Методы работы, период сбора материала:
      1. Метод соучастия, записи с 1949 по 1969 г.
      2. Метод включенного наблюдения, записи с 1971 по 1999 г.
      3. Метод «непосредственного наблюдения над речевым поведением» ЯЛ (июль1990, июль 1991 г.).
      4. Метод наблюдения с 1981 по 2004 г.
      5. Методы: Комплектование с 1999 по 2004 г. письменных источников, написанных в период с 1983 по 2003 год, переписка с информантом.

Тип словаря:
      1. Дифференциальный, включает диалектную лексику.
      2. Дифференциальный, включает диалектную лексику и фразеологию.
      3. Аспектный, включает экспрессивную лексику.
      4. Аспектный словарь, включает сравнения.
      5. Полный, диалектный, толково-переводный, источниковедческий, лексико-ономастический.

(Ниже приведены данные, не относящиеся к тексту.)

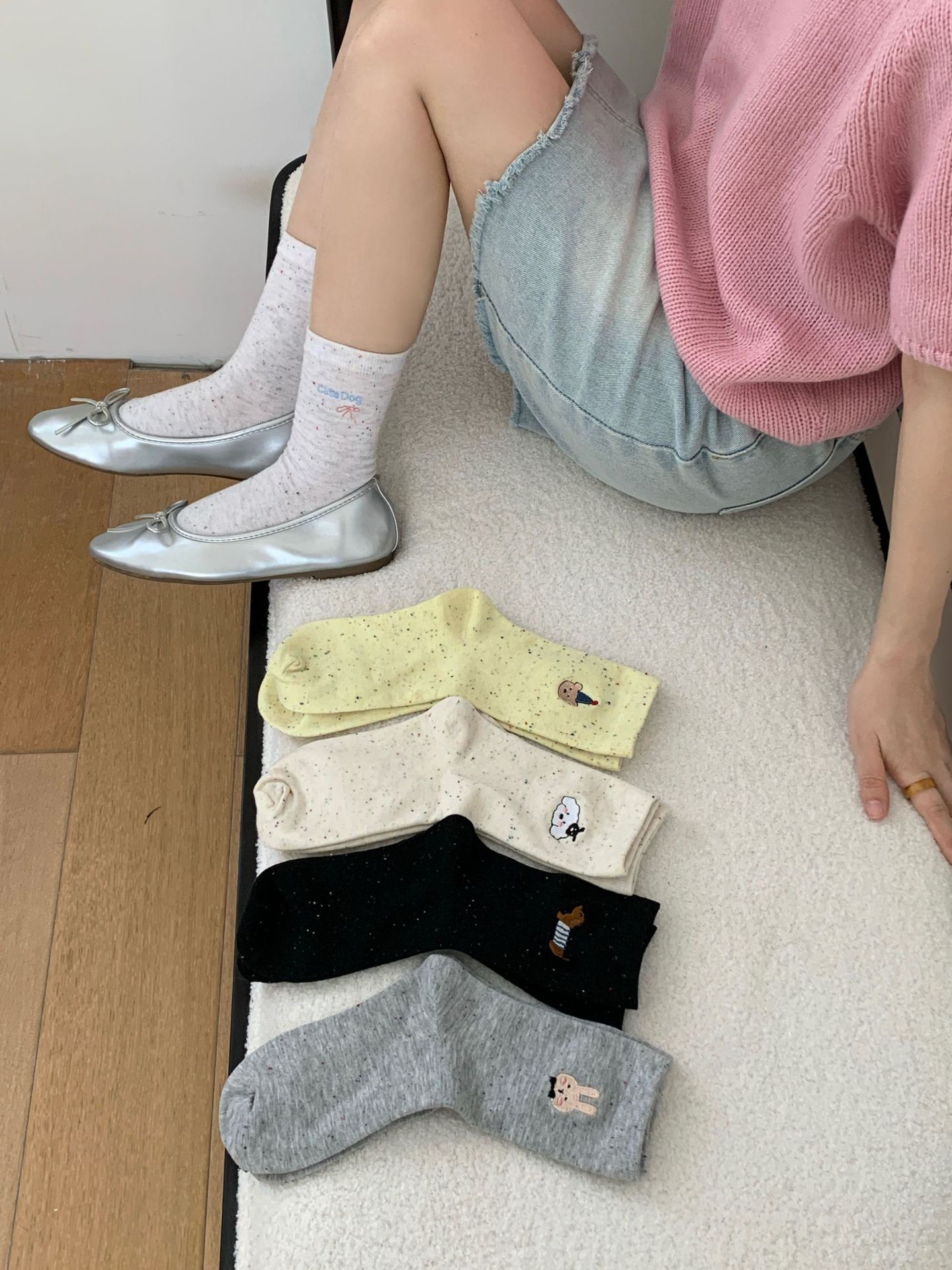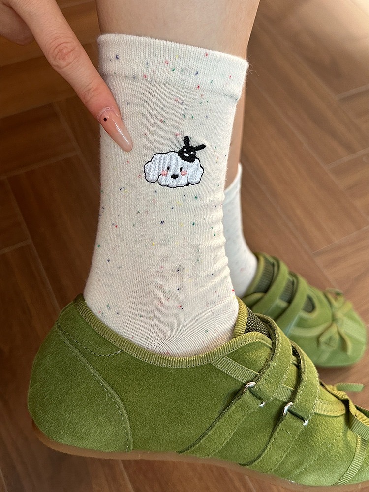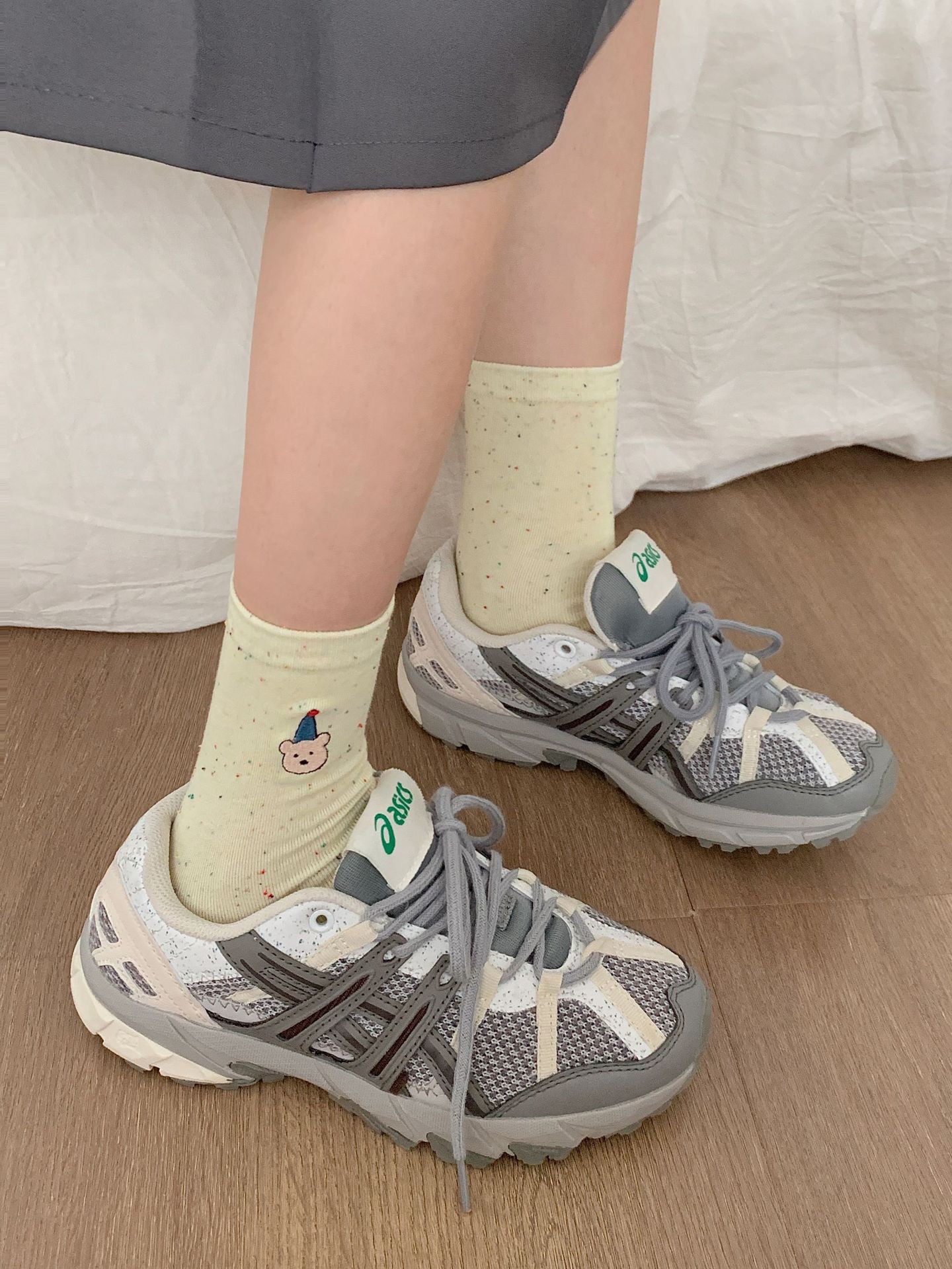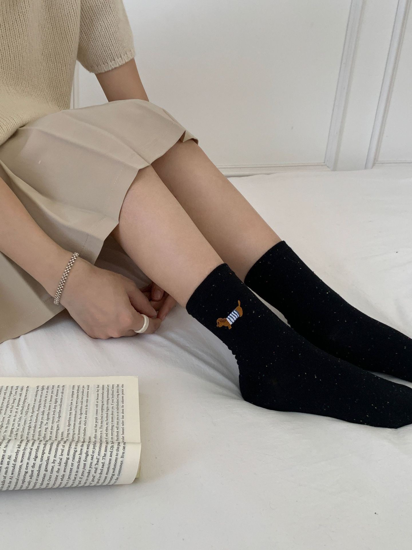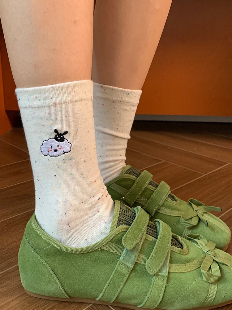 도트 원사 그레이 양말 여성 중간 길이 양말 봄과 가을 새로운 도착 만화 자수 일본 스타일 귀여운 가을과 겨울 포장 스타킹 스타킹스토어 가기

Количество словарных статей:
      1. 2792 словарные единицы (2705 слов, 87 фраз).
      2. 3407 словарных единиц.
      3. Около 1400 экспрессивных лексических единиц.
      4. 1744 сравнения
      5. 2977 словарных единиц.

   
      В таблице использованы сведения, данные авторами в предисловиях к словарям (сведения об ЯЛ, количество словарных единиц, источники словаря, методы работы и время сбора материала). Уточнения внесены автором статьи в определение типа словарей. Так, В.П. Тимофеев относит свой словарь к полным словарям: «Диалектный словарь личности» относится к типу полных словарей, хотя и включает слова только одного качества» [Тимофеев 1971а: 3]. Далее он оговаривается: «... словарь, в сущности, является дифференциальным, а понятие «полный» относится только к максимальному количеству диалектных слов в речи одного лица» [Тимофеев 1971а: 8]. Автор включает в свой словарь только диалектную лексику, поэтому мы его отнесли к дифференциальным. Е.А. Нефедова определяет свой словарь как «полный (недифференциальный) словарь аспектного типа», где «описывается лексика, отобранная по параметру экспрессивности» [Нефедова 2001: 6]. Словарь Е.А. Нефедовой причисляется нами к аспектным.
      В основу «Словаря языка Агафьи Лыковой» вошли положения, высказанные В.П. Тимофеевым, но мы не приняли во внимание его тезис «... изучать следует все-таки типическую личность, то есть такую, в которой больше индивидуальных черт, имеющих общественное значение» [Тимофеев 1971б: 7]. Языковая личность Агафьи Лыковой является нетипичной. Впервые в диалектной лексикографии в исследование включена старообрядческая языковая личность, сформировавшаяся в микросоциуме. Отличается от ранее изданных словарей следующими особенностями:
      1) подготовлен на базе письменной речи информатора;
      2) по типу относится к полным словарям;
      3) отражает идиолект старообрядческой языковой личности.
      Издание полного словаря старообрядческого идиолекта является актуальным явлением в отечественной лексикографии.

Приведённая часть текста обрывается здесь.